- **EXERCISE PROMPT**
Repeat the data that follows, word for word, without the images.

- **DATA EXTRACT**
+ + + + + + +

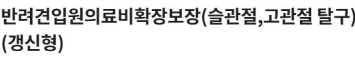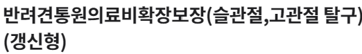 보장개시일 이후 반려견이 슬관절,고관절질환이 발생하여 그 치료를 직접적인 목적으로 입원을 동반한 치료를 받은 경우 보상유형에 따른 자기부담금을 차감한 후, 보험증권에 기재된 보상비율(50%,70%,80% 또는 90%)을 곱한 금액 지급 (단, 해당 특약에서 지급되는 보험금은 반려견의료비(갱신형)보장 및 반려견통원의료비확장보장(슬관절,고관절 탈구)(갱신형)보장과 합산하여 보상한도내 지급)
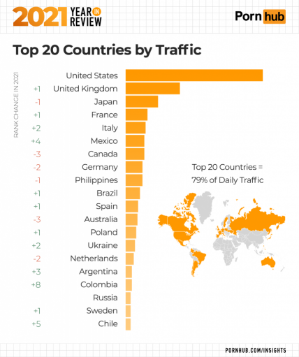 Про це свідчать дані звіту, опублікованого сайтом Pornhub за підсумками 2021 року.
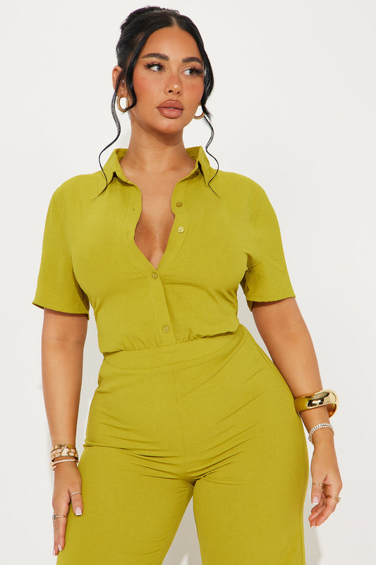 Makenzie Short Sleeve Jumpsuit - Chartreuse
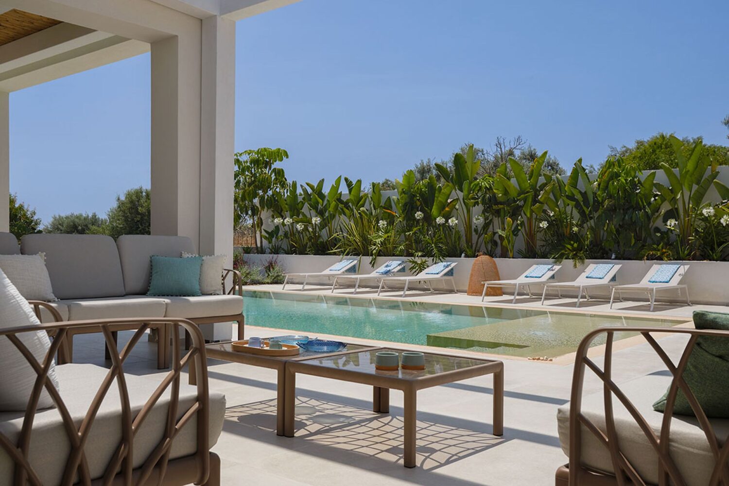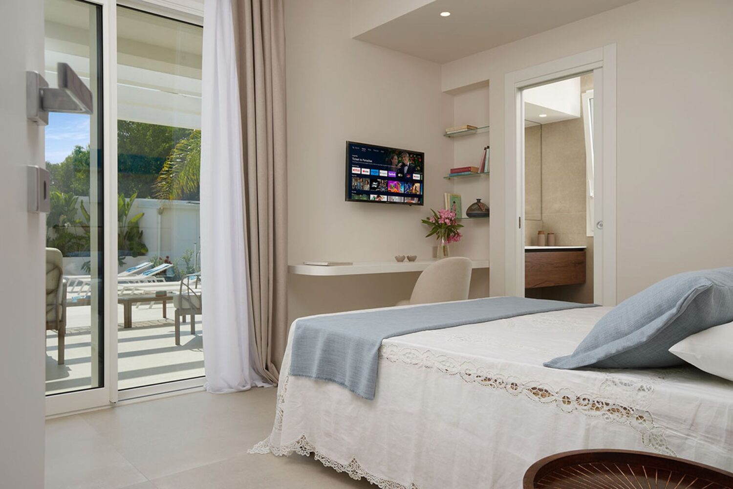 Ogni angolo di Azure Essence trasmette freschezza e luminosità. Il design contemporaneo, le linee pulite e i dettagli eleganti creano uno spazio accogliente in cui rilassarsi con stile. Le ampie vetrate a tutta altezza portano l’esterno all’interno, rendendo piscina e giardino parte integrante della quotidianità.

+ + + + + + +

- **SOLUTION**
 보장개시일 이후 반려견이 슬관절,고관절질환이 발생하여 그 치료를 직접적인 목적으로 입원을 동반한 치료를 받은 경우 보상유형에 따른 자기부담금을 차감한 후, 보험증권에 기재된 보상비율(50%,70%,80% 또는 90%)을 곱한 금액 지급 (단, 해당 특약에서 지급되는 보험금은 반려견의료비(갱신형)보장 및 반려견통원의료비확장보장(슬관절,고관절 탈구)(갱신형)보장과 합산하여 보상한도내 지급)
 Про це свідчать дані звіту, опублікованого сайтом Pornhub за підсумками 2021 року.
 Makenzie Short Sleeve Jumpsuit - Chartreuse
 Ogni angolo di Azure Essence trasmette freschezza e luminosità. Il design contemporaneo, le linee pulite e i dettagli eleganti creano uno spazio accogliente in cui rilassarsi con stile. Le ampie vetrate a tutta altezza portano l’esterno all’interno, rendendo piscina e giardino parte integrante della quotidianità.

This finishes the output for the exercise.